Amazon Forest Fires May Have Already Destroyed Thousands Of Animal Species

The Amazon is home to 10 percent of all animal species in the world and some have adapted to niche habitats of the forest like the Milton's Titi monkey and the Toucans. There are fears that the raging forest fire might have led to the extinction of a few species and endangered others.

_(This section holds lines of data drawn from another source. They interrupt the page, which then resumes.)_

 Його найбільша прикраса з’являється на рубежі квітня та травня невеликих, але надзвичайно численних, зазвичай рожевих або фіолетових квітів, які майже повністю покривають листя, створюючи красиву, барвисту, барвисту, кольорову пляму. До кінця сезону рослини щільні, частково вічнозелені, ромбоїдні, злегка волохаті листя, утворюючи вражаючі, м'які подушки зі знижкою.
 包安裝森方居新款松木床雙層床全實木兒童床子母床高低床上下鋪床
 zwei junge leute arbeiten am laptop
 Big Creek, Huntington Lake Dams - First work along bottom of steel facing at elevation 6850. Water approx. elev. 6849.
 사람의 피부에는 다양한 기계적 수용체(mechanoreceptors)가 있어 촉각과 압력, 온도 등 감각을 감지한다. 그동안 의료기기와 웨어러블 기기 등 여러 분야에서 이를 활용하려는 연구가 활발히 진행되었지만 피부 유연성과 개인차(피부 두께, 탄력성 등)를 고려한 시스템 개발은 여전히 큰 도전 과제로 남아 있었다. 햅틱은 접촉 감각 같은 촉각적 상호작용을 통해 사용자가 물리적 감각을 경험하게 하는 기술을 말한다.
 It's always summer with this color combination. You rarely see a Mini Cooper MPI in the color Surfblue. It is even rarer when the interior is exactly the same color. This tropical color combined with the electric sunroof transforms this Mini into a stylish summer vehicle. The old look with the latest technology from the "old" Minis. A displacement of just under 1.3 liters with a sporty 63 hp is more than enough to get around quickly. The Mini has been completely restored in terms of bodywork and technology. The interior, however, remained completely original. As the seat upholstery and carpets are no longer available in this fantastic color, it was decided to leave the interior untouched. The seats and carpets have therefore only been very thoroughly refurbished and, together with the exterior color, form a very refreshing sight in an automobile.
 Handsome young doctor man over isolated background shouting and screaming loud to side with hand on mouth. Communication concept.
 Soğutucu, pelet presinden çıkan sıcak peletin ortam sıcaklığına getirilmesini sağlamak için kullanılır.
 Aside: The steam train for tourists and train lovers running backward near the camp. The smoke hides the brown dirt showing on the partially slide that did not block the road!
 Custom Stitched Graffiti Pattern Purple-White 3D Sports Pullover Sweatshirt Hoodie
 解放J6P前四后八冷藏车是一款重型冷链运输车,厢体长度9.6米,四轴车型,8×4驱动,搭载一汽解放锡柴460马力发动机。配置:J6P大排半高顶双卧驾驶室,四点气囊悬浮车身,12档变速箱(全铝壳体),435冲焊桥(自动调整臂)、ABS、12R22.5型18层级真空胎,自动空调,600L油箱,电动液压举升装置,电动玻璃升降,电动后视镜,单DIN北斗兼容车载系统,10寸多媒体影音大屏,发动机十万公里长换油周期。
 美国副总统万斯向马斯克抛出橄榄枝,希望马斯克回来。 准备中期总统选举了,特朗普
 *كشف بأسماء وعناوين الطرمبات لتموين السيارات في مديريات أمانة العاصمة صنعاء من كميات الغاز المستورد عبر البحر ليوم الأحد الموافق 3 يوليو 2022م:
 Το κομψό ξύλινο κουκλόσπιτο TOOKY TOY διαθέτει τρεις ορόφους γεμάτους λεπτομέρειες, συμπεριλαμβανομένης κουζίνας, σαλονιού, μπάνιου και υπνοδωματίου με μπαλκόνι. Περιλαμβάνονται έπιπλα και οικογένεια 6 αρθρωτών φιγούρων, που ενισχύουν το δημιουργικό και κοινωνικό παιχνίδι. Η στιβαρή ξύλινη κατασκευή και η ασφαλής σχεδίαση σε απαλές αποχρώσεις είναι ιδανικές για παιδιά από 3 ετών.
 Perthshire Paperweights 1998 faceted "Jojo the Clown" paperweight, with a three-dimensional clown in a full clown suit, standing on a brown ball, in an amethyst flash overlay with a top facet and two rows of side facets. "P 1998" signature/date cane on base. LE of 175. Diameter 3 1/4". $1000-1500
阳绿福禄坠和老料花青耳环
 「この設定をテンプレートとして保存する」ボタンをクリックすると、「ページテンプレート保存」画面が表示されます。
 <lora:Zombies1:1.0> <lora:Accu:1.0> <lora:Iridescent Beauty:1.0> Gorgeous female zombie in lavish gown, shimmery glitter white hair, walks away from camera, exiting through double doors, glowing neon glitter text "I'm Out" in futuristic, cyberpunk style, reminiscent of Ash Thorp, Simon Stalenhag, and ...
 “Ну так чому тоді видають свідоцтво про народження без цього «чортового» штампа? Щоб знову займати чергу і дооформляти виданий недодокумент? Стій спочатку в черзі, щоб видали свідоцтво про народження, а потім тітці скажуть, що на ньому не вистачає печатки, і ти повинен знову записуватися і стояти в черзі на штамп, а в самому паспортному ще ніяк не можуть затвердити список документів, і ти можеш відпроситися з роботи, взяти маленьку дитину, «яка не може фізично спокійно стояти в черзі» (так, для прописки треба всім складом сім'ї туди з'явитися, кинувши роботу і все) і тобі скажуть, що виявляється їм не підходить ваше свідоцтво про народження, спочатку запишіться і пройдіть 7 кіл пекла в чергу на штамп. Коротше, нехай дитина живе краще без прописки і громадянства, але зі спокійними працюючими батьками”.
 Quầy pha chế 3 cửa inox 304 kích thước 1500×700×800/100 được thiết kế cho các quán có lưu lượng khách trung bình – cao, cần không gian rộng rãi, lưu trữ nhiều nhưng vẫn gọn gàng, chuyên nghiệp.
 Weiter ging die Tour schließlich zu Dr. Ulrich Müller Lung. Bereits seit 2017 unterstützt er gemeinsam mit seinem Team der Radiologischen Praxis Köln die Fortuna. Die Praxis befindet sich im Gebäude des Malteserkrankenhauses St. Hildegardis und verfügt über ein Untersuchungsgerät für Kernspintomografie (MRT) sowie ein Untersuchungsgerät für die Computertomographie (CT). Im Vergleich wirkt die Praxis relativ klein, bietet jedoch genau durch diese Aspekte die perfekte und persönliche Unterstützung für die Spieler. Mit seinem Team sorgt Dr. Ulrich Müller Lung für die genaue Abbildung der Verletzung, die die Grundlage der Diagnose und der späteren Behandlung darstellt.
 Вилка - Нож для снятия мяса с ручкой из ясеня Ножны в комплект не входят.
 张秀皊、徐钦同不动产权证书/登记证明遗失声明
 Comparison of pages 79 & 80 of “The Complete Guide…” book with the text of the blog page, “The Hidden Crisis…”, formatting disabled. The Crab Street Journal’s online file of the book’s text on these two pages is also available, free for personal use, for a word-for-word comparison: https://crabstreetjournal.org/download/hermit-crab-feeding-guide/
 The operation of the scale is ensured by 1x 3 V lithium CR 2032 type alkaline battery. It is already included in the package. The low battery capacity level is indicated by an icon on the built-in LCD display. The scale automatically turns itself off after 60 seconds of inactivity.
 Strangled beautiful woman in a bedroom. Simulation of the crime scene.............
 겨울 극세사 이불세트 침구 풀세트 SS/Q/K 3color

The Amazon forests are on fire, and no one seems to be bothered by this catastrophe, least of all the Brazillian government.  The Amazon is considered to be one of the biggest lung spaces in the world, and people aren't concerned that 1 in  10 living species of animals on earth live here whose natural habitat has been destroyed.  The environmental implications of the fires will manifest itself in all kinds of ways very soon in the future. A large part of the forests fall under Brazil but the country's Prime Minister, Jair Bolsenaro has clearly stated that his government does not have the resources to fight the fires - a clear dereliction of duties as a leader of the country but frankly no one is surprised.



 

 

Shortly after coming into power, Bolsenaro indicated that he planned to open up the Amazon for business. Some believe that the fires were deliberately started. Species of animals in the Amazon are not adapted to face forest fires unlike those in the USA and Australia where fires are necessary for the ecosystem there according to  National Geographic. For example, the black-bellied woodpecker, found in western USA only nests in burnt-out trees and eats beetles inside burned wood. Eucalyptus trees in Australia would die without regular fires, say experts. 



 

 

While forest fires have occurred in the Amazon before, it has not been witnessed on such a massive scale right now. Since last week, at least 9,000 wildfires have been raging at the same time and these also include the areas under Bolivia, Paraguay, and Peru. There are fears that many species of animals that are native to these forests could have even gone extinct due to the fires, or their status in the endangered list could have been fast-tracked because of it.  In 2011, the Milton’s titi monkey species was discovered for the first time in the southern Amazon that’s currently beset by fire and one fears for the worst for the animals.



 


The Mura’s saddleback tamarin, another monkey species, found in central Brazil could have also been affected by the fires, researchers believe. Carlos César Durigan, director of the Wildlife Conservation Society of Brazil said, "I (fear) we may be losing many of these endemic species." Amphibians that partially dwell in small water bodies and creeks will also be threatened since raging fires burn right over these small water bodies. Additionally, they could also change the water chemistry to make it unsustainable for life in the short term, said Mazeika Sullivan from the Ohio State University. 



 

 

Sullivan, an associate professor at the School of Environment and Natural Resources, has done fieldwork in the Colombian Amazon. Many 'specialists' species adapted to the niche Amazon habitat like Toucans who eat fruits that other animals can’t access could also be severely affected them since the wildfire could destroy their food supply. Spider monkeys could also suffer the same fate. "What happens when you lose the canopy? They’re forced into other areas with more competition. Once you take the rainforest away, (you lose) 99 percent of all species," said Sullivan. 



 

 

The only animals who could escape or benefit from the fires are fast-moving ones like Jaguars and Pumas who are very mobile and could move away from the fires. Raptors are other species who would benefit but these are very small in number. Others like sloths, lizards, and frogs would quickly die. "In the Amazon, nothing is adapted to fire. Basically, the Amazon hadn’t burnt in hundreds of thousands or millions of years," said William Magnusson, a researcher at the National Institute of Amazonian Research (INPA) in Manaus, Brazil who specializes in biodiversity monitoring and added.